Lenski Marie, Maallem Saïd, Zarcone Gianni, Garçon Guillaume, Lo-Guidice Jean-Marc, Anthérieu Sébastien, Allorge Delphine
ULR 4483, IMPECS-IMPact de l'Environnement Chimique sur la Santé humaine, CHU Lille, Institut Pasteur de Lille, Université de Lille, F-59000 Lille, France.
CHU Lille, Unité Fonctionnelle de Toxicologie, F-59037 Lille, France.
Metabolites. 2023 Feb 15;13(2):282. doi: 10.3390/metabo13020282.

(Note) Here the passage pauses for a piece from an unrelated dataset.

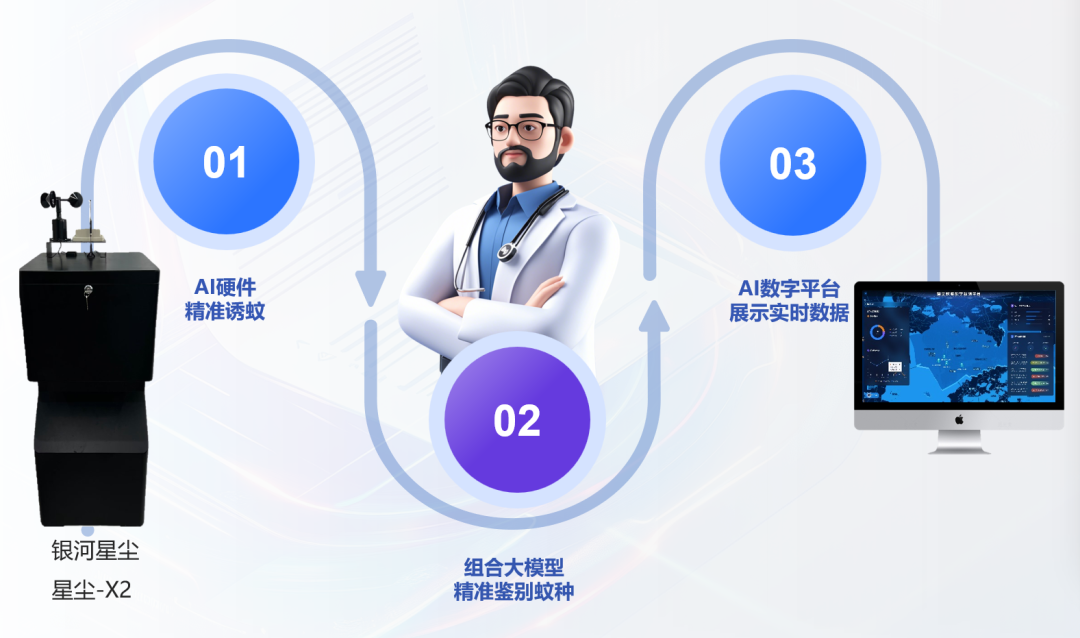 刘起勇详解,AI监测预警是精准防控的 “前哨”,为 “地空一体” 防控提供数据与策略支撑。银河星尘融合病媒AI大模型、智能物联网设备及数据分析技术,构建起完整防控系统:

Metabolite identification in untargeted metabolomics is complex, with the risk of false positive annotations. This work aims to use machine learning to successively predict the retention time (Rt) and the collision cross-section (CCS) of an open-access database to accelerate the interpretation of metabolomic results. Standards of metabolites were tested using liquid chromatography coupled with high-resolution mass spectrometry. In CCSBase and QSRR predictor machine learning models, experimental results were used to generate predicted CCS and Rt of the Human Metabolome Database. From 542 standards, 266 and 301 compounds were detected in positive and negative electrospray ionization mode, respectively, corresponding to 380 different metabolites. CCS and Rt were then predicted using machine learning tools for almost 114,000 metabolites. R score of the linear regression between predicted and measured data achieved 0.938 and 0.898 for CCS and Rt, respectively, demonstrating the models' reliability. A CCS and Rt index filter of mean error ± 2 standard deviations could remove most misidentifications. Its application to data generated from a toxicology study on tobacco cigarettes reduced hits by 76%. Regarding the volume of data produced by metabolomics, the practical workflow provided allows for the implementation of valuable large-scale databases to improve the biological interpretation of metabolomics data.
非靶向代谢组学中的代谢物鉴定很复杂,存在假阳性注释的风险。这项工作旨在利用机器学习依次预测开放获取数据库的保留时间(Rt)和碰撞截面(CCS),以加速代谢组学结果的解读。使用液相色谱与高分辨率质谱联用对代谢物标准品进行检测。在CCSBase和QSRR预测器机器学习模型中,利用实验结果生成人类代谢组数据库的预测CCS和Rt。在542种标准品中,分别在正离子和负离子电喷雾电离模式下检测到266种和301种化合物,对应380种不同的代谢物。然后使用机器学习工具对近114,000种代谢物的CCS和Rt进行预测。预测数据与实测数据之间的线性回归R值,CCS和Rt分别达到0.938和0.898,证明了模型的可靠性。平均误差±2个标准差的CCS和Rt指数过滤器可以去除大多数错误鉴定。将其应用于烟草毒理学研究产生的数据,命中次数减少了76%。鉴于代谢组学产生的数据量,所提供的实际工作流程允许实施有价值的大规模数据库,以改善代谢组学数据的生物学解读。